Евгения Генриховна вернулась домой из офиса рано. Особняк стоял тихий-тихий. Не кричал на нее из-за каждого угла мальчишка… Ольга Степановна не гремела кастрюлями на кухне… Гостиная была пуста, и Евгения Генриховна словно сквозь какой-то морок, мешавший ей думать, вспомнила, что давно не видела своего брата. То есть видела, конечно, и совсем недавно, но никак не могла вспомнить, когда же именно. «Мне нужно показаться хорошему врачу. Такому, о котором будет Знак», – подумала она, – уже начиная догадываться, что Знаков больше не будет.

– Евгения Генриховна, – окликнули ее с лестницы.

Госпожа Гольц обернулась и с изумлением заметила у дверей гостиной свою невестку, а рядом двух частных детективов.

– Здравствуйте. Вы приехали, господин Илюшин? – спросила она, пытаясь собраться с мыслями.

– Как видите, – серьезно ответил Макар. – Евгения Генриховна, у нас срочный разговор к вам.

– Вы что, нашли… – Она не договорила и замерла, впившись в него глазами.

– Нам нужно с вами поговорить, – повторил Макар. – Где мы можем это сделать?

– Пойдемте… – Хозяйка дома неопределенно махнула рукой в сторону второго этажа и первой пошла вверх по лестнице. – Простите, а вы, Наташа, – обернулась она на полпути, – вы разве тоже хотели со мной поговорить? Давайте после…

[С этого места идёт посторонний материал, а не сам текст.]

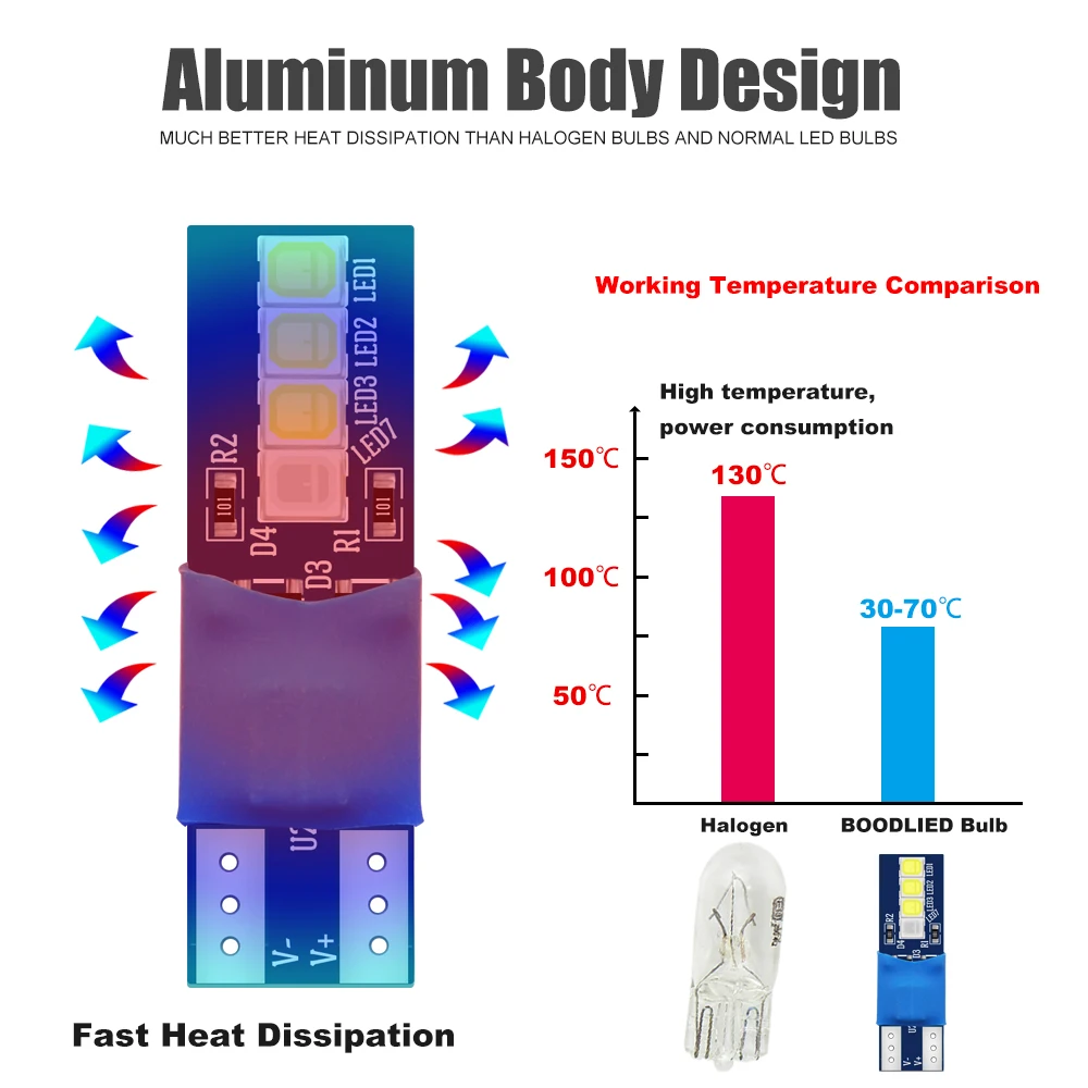 3. Aluminum Body Design, much better heat dissipation than halogen bulbs and normal LED bulbs.

– Нет, Евгения Генриховна, – возразил тот же Макар, – для нас очень важно, чтобы Наталья Ивановна присутствовала при нашем разговоре. Собственно говоря, она и будет…

Детектив замолчал, и остаток пути до кабинета госпожи Гольц все четверо проделали молча. Краем сознания отметив, что Мальчик Жора тоже куда-то пропал, Евгения Генриховна тяжело опустилась в кресло, устало произнеся:

– Слушаю вас.

В комнате не было ни одного Знака, даже намека на него. Заставив себя собраться с силами, Евгения Генриховна взглянула на троих людей, сидевших напротив нее, и лица их неожиданно показались ей чужими и совершенно незнакомыми. Она помнила, что женщина – ее невестка, крупный, с серьезным лицом мужик, похожий на медведя, – детектив, разыскивающий ребенка невестки и убийцу Илоны, а молодой парнишка, который на самом деле не такой уж и молодой и вовсе не парнишка, – его начальник. Он приехал, не позвонив. Значит, все бесполезно и новые поиски ничего не дали. Все зря.

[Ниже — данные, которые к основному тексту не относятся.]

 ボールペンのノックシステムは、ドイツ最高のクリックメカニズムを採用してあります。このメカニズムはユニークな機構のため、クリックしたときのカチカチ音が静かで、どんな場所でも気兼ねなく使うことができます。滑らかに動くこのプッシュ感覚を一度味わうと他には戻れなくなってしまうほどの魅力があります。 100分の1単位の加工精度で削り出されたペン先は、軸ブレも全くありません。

– Евгения Генриховна, вы в порядке? – озабоченно спросила Наташа, вглядываясь в побледневшее лицо свекрови.

На какую-то секунду ей показалось, что госпожа Гольц сейчас потеряет сознание, и Макару Илюшину, видимо, тоже что-то такое почудилось, потому что он привстал с места и сделал шаг к столу. Но женщина, сидевшая за столом, недоуменно посмотрела на него, и он вернулся обратно.

– Так я вас слушаю, – сказала Евгения Генриховна своим обычным холодноватым тоном. – Что вы хотели мне рассказать?

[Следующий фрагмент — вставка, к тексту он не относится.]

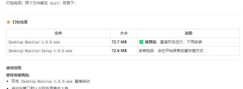 最终产物:一个 72.9 MB 的便携版 EXE,一个安装版 EXE。

У Наташи и Олега Зинчуков, проживших три года в счастливом или относительно счастливом браке, не было детей. Пожалуй, все-таки относительно счастливом, потому что на третьем году их совместной жизни Наташа неожиданно обнаружила, что не представляет своей жизни без ребенка. Ей было все равно, мальчик это будет или девочка, но она хотела ребенка так, что, глядя на очередной тест, безжалостно показывавший одну полоску, начинала тихонько подвывать от горя и тоски. Она, школьная учительница, уехавшая из родительской деревни в город и счастливо вышедшая замуж, ощущала себя совершенно неполноценной!

– Наталь, вы чего детей не заводите? – как-то раз прямо спросила ее мать, когда они с Олегом приехали помогать сажать картошку. – Смотри, упустишь время – потом поздно будет. Тебе ведь, милая моя, все-таки не восемнадцать.

Наташа взглянула на мать, озабоченно шурующую в корзине, и хотела отшутиться, но поперек горла у нее что-то встало, и это что-то не давало растянуть губы в улыбке. Не давало, и все тут. Неожиданно для себя она разревелась так горько, что мать сразу все поняла и, гладя дочь по черноволосой голове, только укорила, сильно окая, как обычно от волнения:

– Ну что ж ты, дурочка, врачу-то не показалась, а? Или показалась?

Наташа пошла к проверенному врачу сразу после возвращения домой. Диагноз ошеломил ее: нужна операция, и чем быстрее, тем лучше – возраст поджимает.

– А ты чего ждала? – удивилась суровая врачиха с густыми, сходящимися на переносице бровями. – В общем, определяйся со своим мужиком – и ко мне.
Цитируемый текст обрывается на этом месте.